Capital loss streaming from 19 July 2011: pooled or merged assets
The general rule is that a restricted loss can be set off against a gain on an asset held by a company with restricted losses at the time it joined the group. Where the capital gains rules treat a collection of assets as a single asset then a special rule is needed to deal with the situation of the asset being “added to” after the company joins the group. The following example illustrates why.
In 2012, company L was acquired by the M group leading to its accrued loss of £12 million becoming restricted. At that time it held 1,000 shares in Y plc.
M also owned one million shares in Y plc showing a substantial unrealised gain.

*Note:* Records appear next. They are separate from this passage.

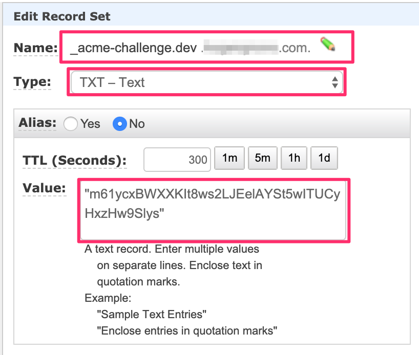 도메인 제공 서비스에서 _acme-challenge.dev.example.com 의 레코드 셋을 만들고, 타입을 TXT로 Value 에 출력된 값을 넣어주면 된다.
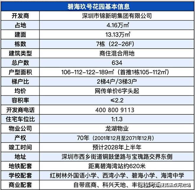 最新消息:碧海玖号花园最新官方户型图出炉:2026年4月10正式开放样板房,计划4月底开盘入市,本项目层高在23-26F之间,容积率仅2.2,住宅户型为建面约105-189㎡新规高得房率的山海4房(首推1栋/3栋共196套约106-112-123㎡精装四房),2梯4户及3梯3户的梯户比。温馨提示:因近期本项目参观样板房的购房太多,采取预约制,过来现场参观需提前拨打开发商电话:400 800 9113 进行在线预约,并且到现场需要验资,欢迎提前预约参观!
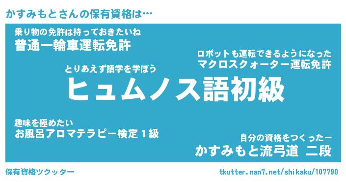 かすみもとさんの保有資格は… とりあえず語学を学ぼう『ヒュムノス語初級』乗り物の免許は持っておきたいね『普通一輪車運転免許』自分の資格をつくったー『かすみもと流弓道 二段』 ツクッター #保有資格ツクッター http://tkutter.nan7.net/shikaku/107790/
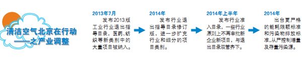 相較之下,北京工業行業準入目錄提出時間較短,市場普遍感覺相對陌生。“為進一步優化產業結構,治理工業污染,北京市將提高產業的準入門檻,制定符合首都功能定位的產業準入指導目錄,凡是不在目錄的產業一律不允許在北京落地建設。”北京市環保局副局長、新聞發言人方力表示。業內評價稱,如果說退出調整指導目錄是為了控制工業行業污染的存量,那么準入目錄的形成就是為了為增量設置一道“防火墻”。
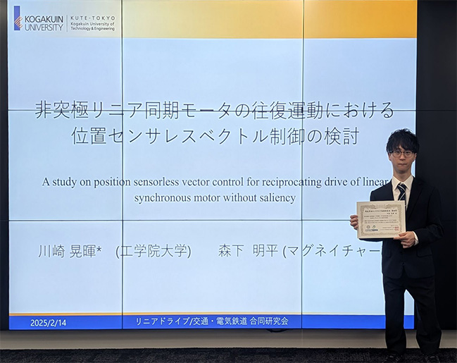 1月23日から24日に福井市民福祉会館で開催された電気学会 リニアドライブ/交通・電気鉄道合同研究会において、電気・電子工学専攻修士課程2年の川崎晃暉さん、石﨑隆也さん(ともに自動運転制御研究室・向井正和教授)が奨励賞を受賞しました。
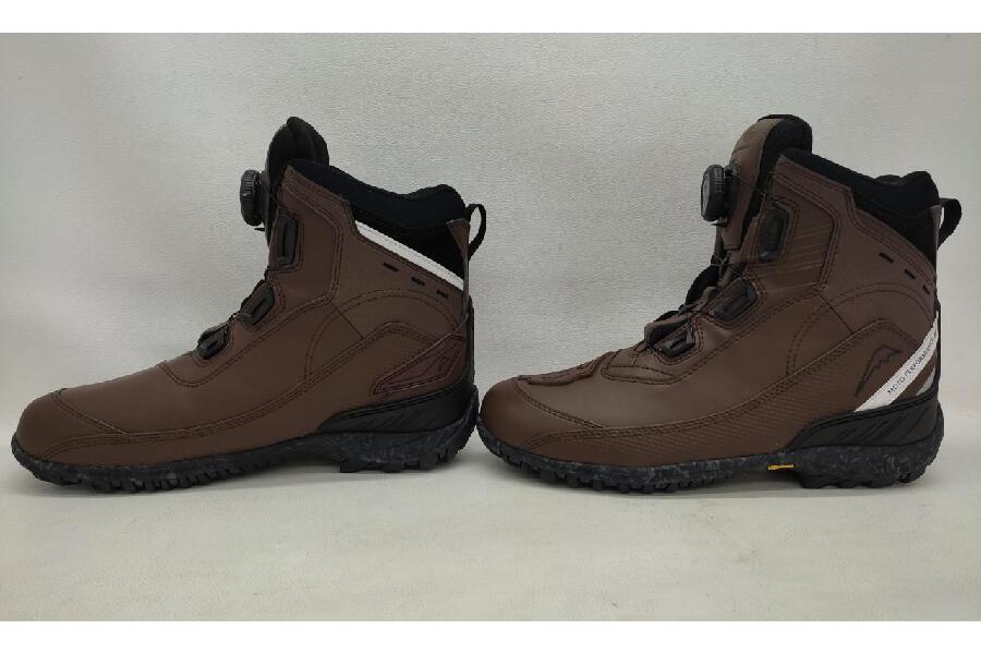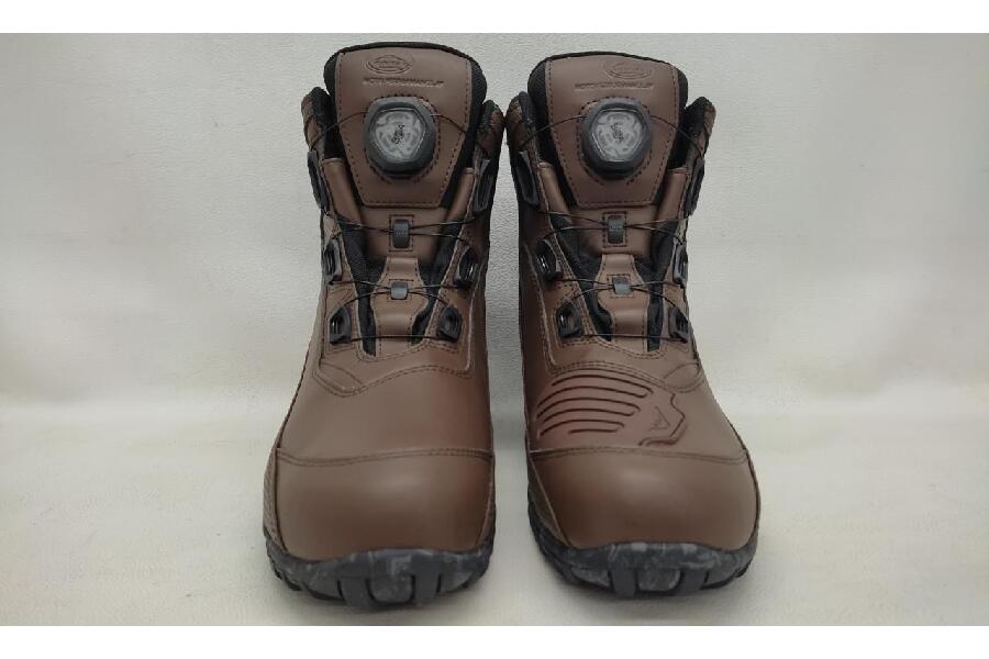 ミドル丈防水ライディングシューズです。アッパーパーツにエンボス加工を、ディンプルレザーや裏革をあしらい立体感のある仕上がりに。

In 2013, M transfers its shares in Y plc to L at no gain/no loss under TCGA92/S171. L then sells all its shares in Y plc and accrues a chargeable gain £20 million. Can L set the loss of £12 million against this?
In the hands of L, the shares in Y plc held at the time it joined the M group comprise a single asset, a holding of shares within TCGA92/S104. The one million shares acquired by L from M in 2013 represent an addition to that asset.

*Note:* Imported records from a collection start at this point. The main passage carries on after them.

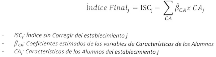 Una vez que se obtiene el Índice sin Corregir, este se corrige por una estimación de la influencia que tienen las Características de los Alumnos en los resultados de los estudiantes del establecimiento, para así obtener el Índice Final.
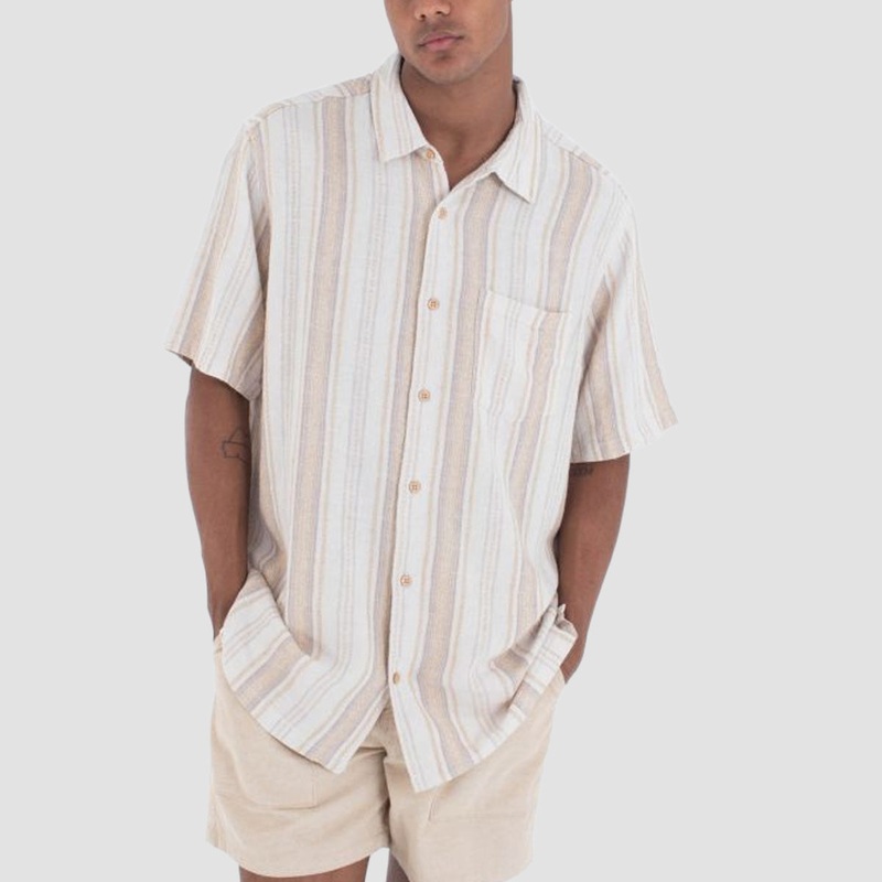 The Oceanside men's short sleeve shirt combines a fresh and relaxed style with a natural and comfortable tailoring. Made from a lightweight linen and rayon blend with wooden buttons that reinforce its authentic look, it features a stylish striped print for
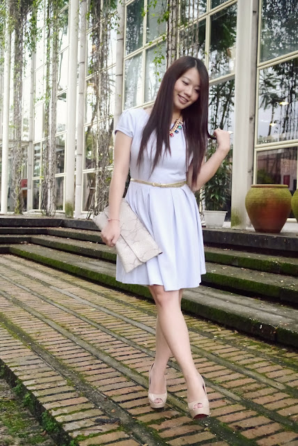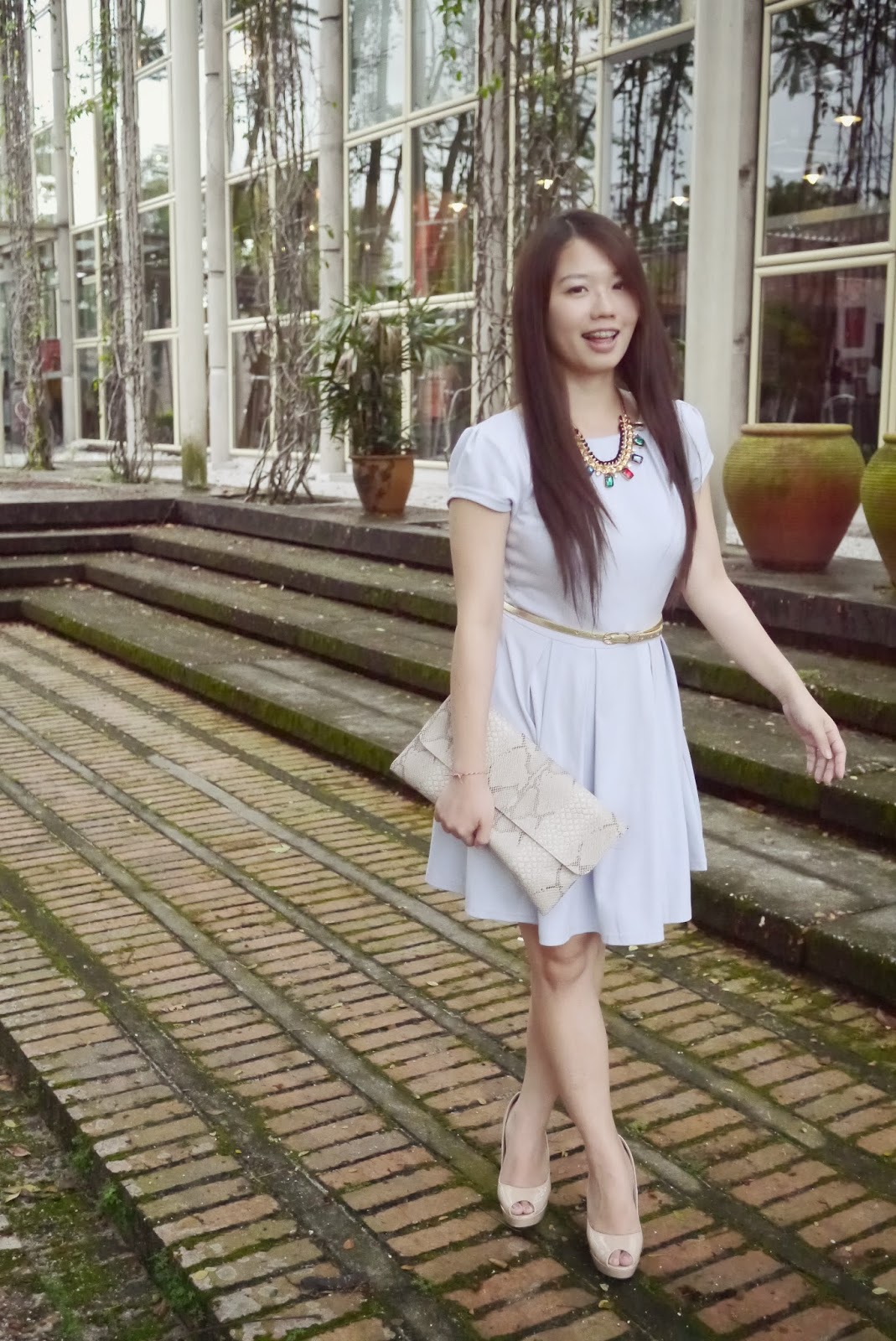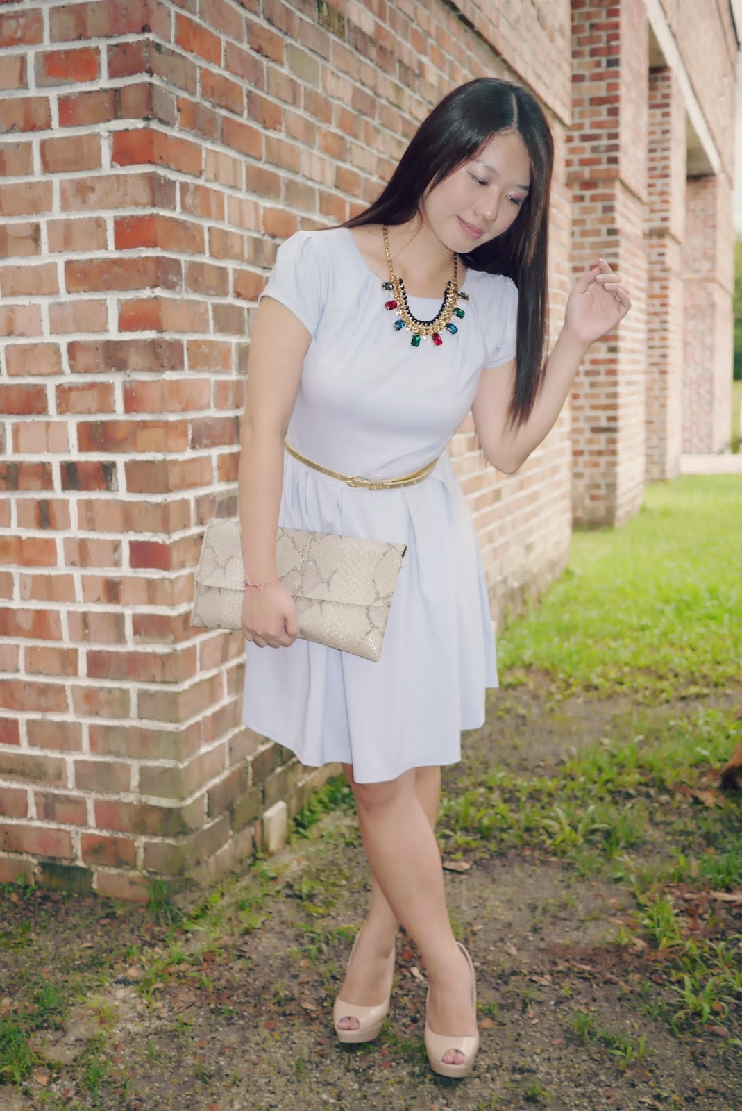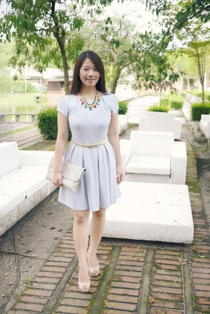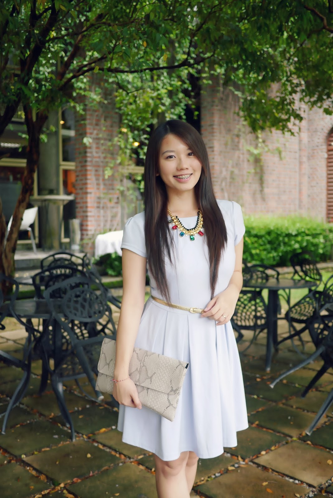 今次选择了粉蓝色的洋装搭配彩石项链,

Therefore L’s gain on disposal of all its shares in Y plc is a gain on the disposal of an asset (the pool of shares in Y plc) which was held at the time it joined the M group. In the absence of any special rule, L’s loss of £12 million could be set off against the whole £20 million gain even though the gain is mainly attributable to the increase in value of one million shares in Y plc held by the M group before L became a member.

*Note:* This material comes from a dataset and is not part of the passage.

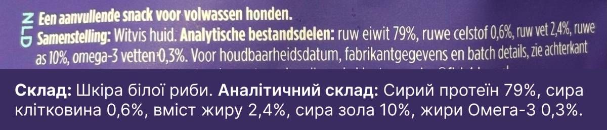 - 100% натуральний склад – лише висушена рибна шкіра, без штучних добавок.

A similar issue arises if an asset which is acquired by a company after joining a group is treated as being the same as an asset it held when it joined the group. For example, where a freehold is merged with a leasehold interest or where certain share reorganisations have taken place and the new holding is treated as the same asset as the original shares, TCGA92/S127.
The provisions dealing with these special cases are in TCGA92/SCH7A/PARA7(5). Where a gain accrues on the disposal of the whole or any part of:
- an asset treated as a single asset (that is, a pooled asset) but comprising assets only some of which were held at the time the company joined the group, or
- an asset treated as held at the relevant time by a provision which treats an asset not held at the time the company joined the group as the same as an asset which was held at that time
there is a further restriction on the amount of the loss that can be used. A restricted loss can be deducted from the gain under TCGA92/SCH7APARA7(1)(b) or TCGA92/SCH7APARA7(2)(b) only to the extent of the proportion of the gain attributable to assets held at the time the company joined the group, or which represents the gain that would have accrued on the asset held at that time.
The legislation does not prescribe any apportionment method. HMRC will accept any reasonable method of apportionment consistent with the result that restricted loss is only set off against gains attributable to the increase in value up to the time of the disposal of the part of the gain asset held at the time the company joined the group.
Note: Additional rules relating to loss buying were enacted in FA 2006. See CG47020+ for guidance on the rules which apply in priority to TCGA92/SCH7A for accounting periods ending on or after 5 December 2005.